- Developers: Masangsoft (Former) MAIET Entertainment
- Publisher: Perfect World Entertainment
- Engine: Realspace 3.0
- Platform: Microsoft Windows
- Genre: MMORPG
- Mode: Online multiplayer

= RaiderZ =

RaiderZ (stylized as RaiderZ) was a massively multiplayer online role-playing game (MMORPG) developed by the now defunct Korean developer MAIET Entertainment. It was published in North America in November 2012 by Perfect World Entertainment. The game is free-to-play and no monthly subscription fee is required due to the service being funded by real money transactions via the in-game cash shop.

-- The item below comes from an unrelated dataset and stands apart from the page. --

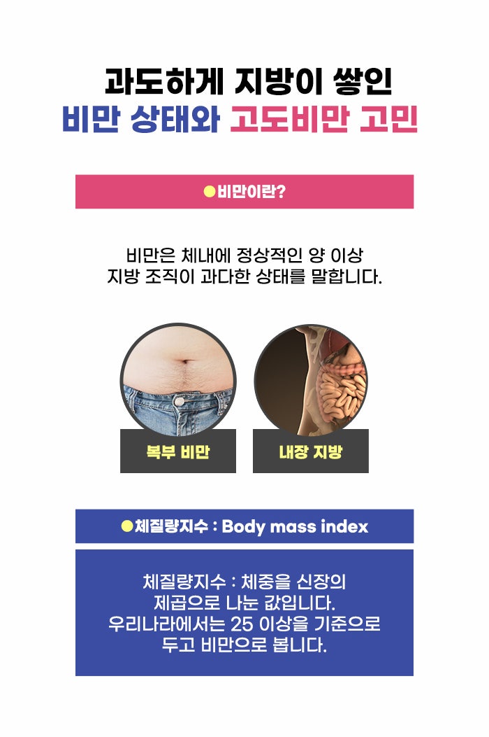 비만은 체내에 필요한 것 이상으로 지나치게 지방이 쌓인 상태를 말합니다. 체중이 많이 나가는 것만 비만의 기준이 아닌데요. 근육량이 많아 체중이 많이 나가는 경우에는 비만으로 보지 않는다고 합니다. 비만은 체질량지수로 알아볼 수 있는데요. 체중을 신장의 제곱으로 나눈 값이 25 이상인 경우 비만으로 보는 편이라고 합니다. 그리고 이 기준은 약간씩 다를 수 있습니다.

On July 14, 2017 the RaiderZ Facebook page posted an update stating "Journey's Begin"

== Plot ==
RaiderZ takes place in the once prosperous and powerful kingdom of Rendel that is being overrun by marauding monsters.

==Gameplay==
RaiderZ offers classic MMORPG gameplay features such as guilds, quests, dungeons, crafting and player versus player battles. It also introduces a non-targeting combat system where players actively participate in combat, similar to TERA. In addition to that, players will be able to cut or break off special body parts of special enemies and use these against them. Combat is skill based and each individual attack or ability must be aimed manually. Dodging enemy attacks, especially during boss fights, is crucial to achieving victory. Another difference from other MMORPGs is the unique character progression. There are no set classes and after reaching level 10, players can choose from a wide range of skills to develop their characters in any way they want.

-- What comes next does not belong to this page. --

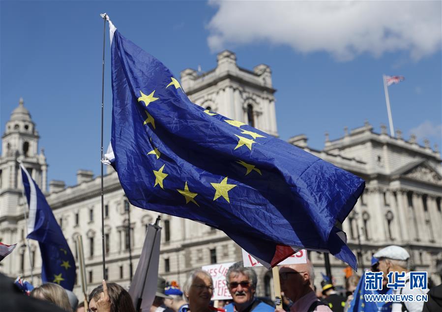 这是9月4日在英国伦敦的议会大厦外拍摄的欧盟旗帜。 英国议会下院3日以328票赞成、301票反对的表决结果,通过从保守党领导人、首相约翰逊手中夺取议会议程控制权的动议。动议通过后,议会下院4日将就“无协议脱欧”议案进行辩论投票。 新华社记者 韩岩 摄

European Publisher Gameforge emphasizes that RaiderZ is "not a casual game" but instead is very challenging for even the most experienced players. One example of this is the fact that players will be able to fight against giant boss monsters on their own, even though it is advised to engage them in groups.

===Action combat===
RaiderZ blends gameplay features of MMORPGs with Third Person Action games, allowing players to actively participate in combat. Instead of the typical point & click controls used in most MMORPGs, RaiderZ requires players to precisely swing their weapons, dodge enemy attacks and maneuver around opponents to get into a better position. However, using special skills that can be placed into a skill bar still plays a big role in RaiderZ.

===Boss fights===
Fighting against strong and big boss enemies is one of the main features of Raider (e.g. horns, claws) that can be used as shields or weapons or will provide special abilities for a short period of time. Bosses in RaiderZ also use several special abilities like swallowing or grabbing players at random.

===Crafting===
New pieces of armor and weapons are only gained through the crafting system. Players will have to fight against enemies or trade with other players to obtain component parts that are used to create new equipment. The majority of these items will be bound to the character that made it, however, the resources and the appropriate recipes won't.

===Musical instruments===
Players will be able to learn to play certain musical instruments such as guitars and join other players to create beautiful music. These instruments will be combined with quest lines and once the player has finished the relevant quests, they can buy the instrument and start playing different notes.

===Enchanting===

Players can enchant their items through magical stones acquired in-game or through the cash shop, there are 2 types of magic stones, which helps the item to level up, and the one that protects the item from breaking when attempting to enchant, and also has chances of decreasing the enchant grade.

===Factions===

The factions of the game help the player to choose their in-game positioning, whether to be an ally of the nation or against it, there are 3 levels within the faction system, the first is the normal, the second friendly, and the third reliable, from these levels it is possible to create different items using items collected in the game.